The product of two matrixes $A \in \mathbb{R}^{m x n}$ and $B \in \mathbb{R}^{n x p}$ is the matrix 

$C = AB \in \mathbb{R}^{m x p}$ where 

$C_{ij} = \sum_{k=1}^{n} A_{ik} B_{kj}$

In [6]:
p = 6
B = np.random.randn(n, p)
B

array([[-0.90802408, -1.4123037 ,  1.46564877, -0.2257763 ,  0.0675282 ,
        -1.42474819],
       [-0.54438272,  0.11092259, -1.15099358,  0.37569802, -0.60063869,
        -0.29169375],
       [-0.60170661,  1.85227818, -0.01349722, -1.05771093,  0.82254491,
        -1.22084365]])

In [7]:
C = np.matmul(A, B)
C

array([[-0.76547819,  0.48285148,  0.87840781, -0.84915915,  0.64934202,
        -1.45808819],
       [-1.11459697, -2.61064038,  2.50489606, -0.18418579,  0.05090089,
        -1.81578833],
       [-1.56925562, -3.01479942,  1.43759548,  0.42834307, -0.74047335,
        -1.90068169],
       [ 0.03985168, -1.68032411,  1.33487931,  0.19600514, -0.06809894,
        -0.06925218],
       [ 1.85974361, -3.74897788,  2.58008658,  1.0510195 , -0.25329297,
         2.31921156]])

In [8]:
# Sanity check:
C_manual = np.zeros((m, p))
for i in range(m):
    for j in range(p):
        for k in range(n):
            C_manual[i][j] += A[i][k] * B[k][j]

C_manual

array([[-0.76547819,  0.48285148,  0.87840781, -0.84915915,  0.64934202,
        -1.45808819],
       [-1.11459697, -2.61064038,  2.50489606, -0.18418579,  0.05090089,
        -1.81578833],
       [-1.56925562, -3.01479942,  1.43759548,  0.42834307, -0.74047335,
        -1.90068169],
       [ 0.03985168, -1.68032411,  1.33487931,  0.19600514, -0.06809894,
        -0.06925218],
       [ 1.85974361, -3.74897788,  2.58008658,  1.0510195 , -0.25329297,
         2.31921156]])

In [9]:
print(A.shape)
print(B.shape)
print(C.shape)

(5, 3)
(3, 6)
(5, 6)


### Vector-Vector Products

Given two vectors $x, y \in \mathbb{R}^{n}$, $x^{T}y$, called the inner product or dot product, is a real number given by:

$x^{T}y \in \mathbb{R} = \sum_{i=1}^{n} x_{i} y_{i}$

In [10]:
x = np.random.randn(n)
y = np.random.randn(n)
print(x)
print(y)

[ 0.2088636  -1.95967012 -1.32818605]
[ 0.19686124  0.73846658  0.17136828]


In [11]:
np.dot(x, y)

-1.6336427091601982

In [12]:
# Sanity check
dot_prod = 0
for i in range(n):
    dot_prod += x[i] * y[i]
    
dot_prod

-1.6336427091601982

Given $x \in \mathbb{R}^{m}, y \in \mathbb{R}^{n}$

$xy^T \in \mathbb{R}^{m x n}$ is called the outer product of the vectors.

In [13]:
x = np.random.randn(m)
y = np.random.randn(n)
print(x)
print(y)

[-0.11564828 -0.3011037  -1.47852199 -0.71984421 -0.46063877]
[ 1.05712223  0.34361829 -1.76304016]


In [14]:
np.outer(x, y)

array([[-0.12225437, -0.03973886,  0.20389257],
       [-0.31830341, -0.10346474,  0.53085791],
       [-1.56297846, -0.5080472 ,  2.60669364],
       [-0.76096331, -0.24735164,  1.26911425],
       [-0.48695148, -0.15828391,  0.81212465]])
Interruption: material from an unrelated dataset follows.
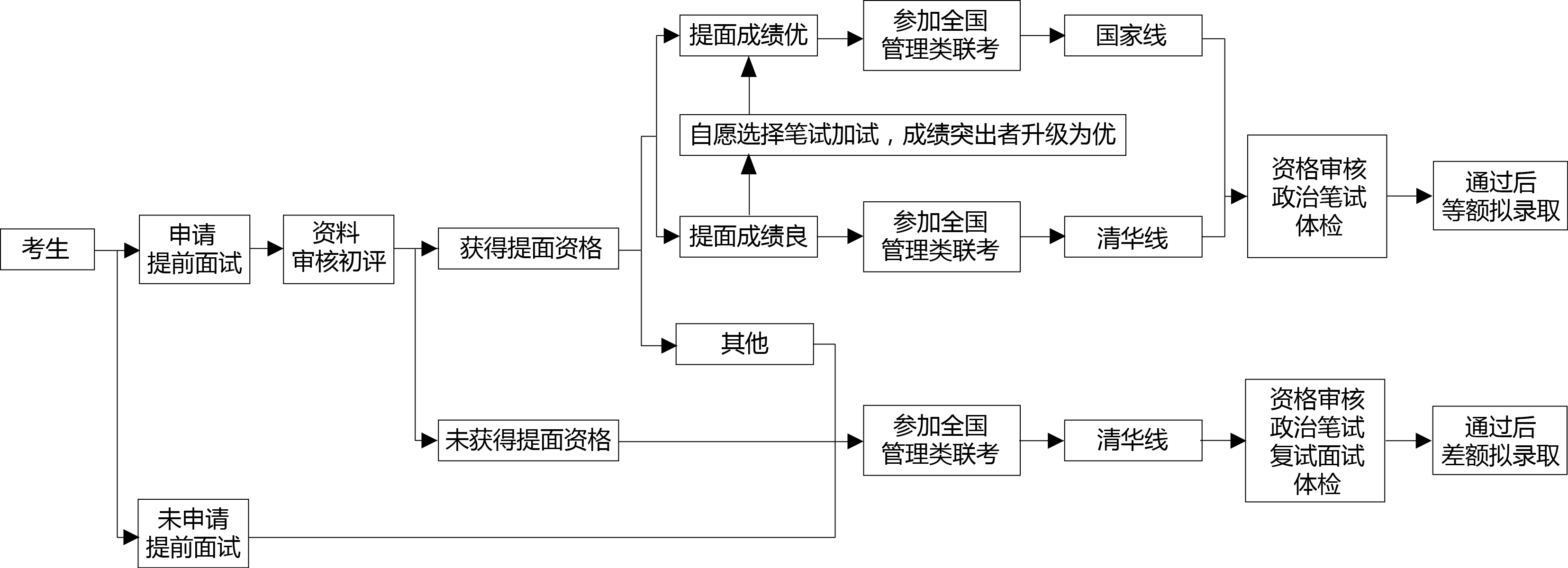 在提前面試中得到成績“優(yōu)”或“良”的考生在全國聯(lián)考中分別通過“國家線”或“清華線”可獲得復(fù)試資格。通過復(fù)試,體檢合格的考生將被等額推薦到學(xué)校招生部門進(jìn)行后續(xù)審核和錄取工作。

### Matrix-Vector Products

Given a matrix $A \in \mathbb{R}^{m x n}$ and a vector $x \in \mathbb{R}^{n}$, their product is a vector 

$y = Ax \in \mathbb{R}^{m}$

In [15]:
A.shape # m x n

(5, 3)

In [16]:
x = np.random.randn(A.shape[1])
x

array([ 0.32408397, -0.38508228, -0.676922  ])

In [17]:
x.shape # n

(3,)

In [18]:
y = np.matmul(A, x)
y

array([-0.22421439,  0.74225033,  0.53406958,  0.66955167,  1.98282124])

In [19]:
y.shape # should be m

(5,)

### Matrix-Matrix Products

This was already covered above. Some basic properties

  * Matrix multiplication is associative, i.e. $ABC = (AB)C = A(BC)$
  * Matrix multiplication is distributive, i.e. $A(B + C) = AB + AC$
  * Matrix multiplication is **not** commutative, i.e. $AB \ne BA$ (in general)  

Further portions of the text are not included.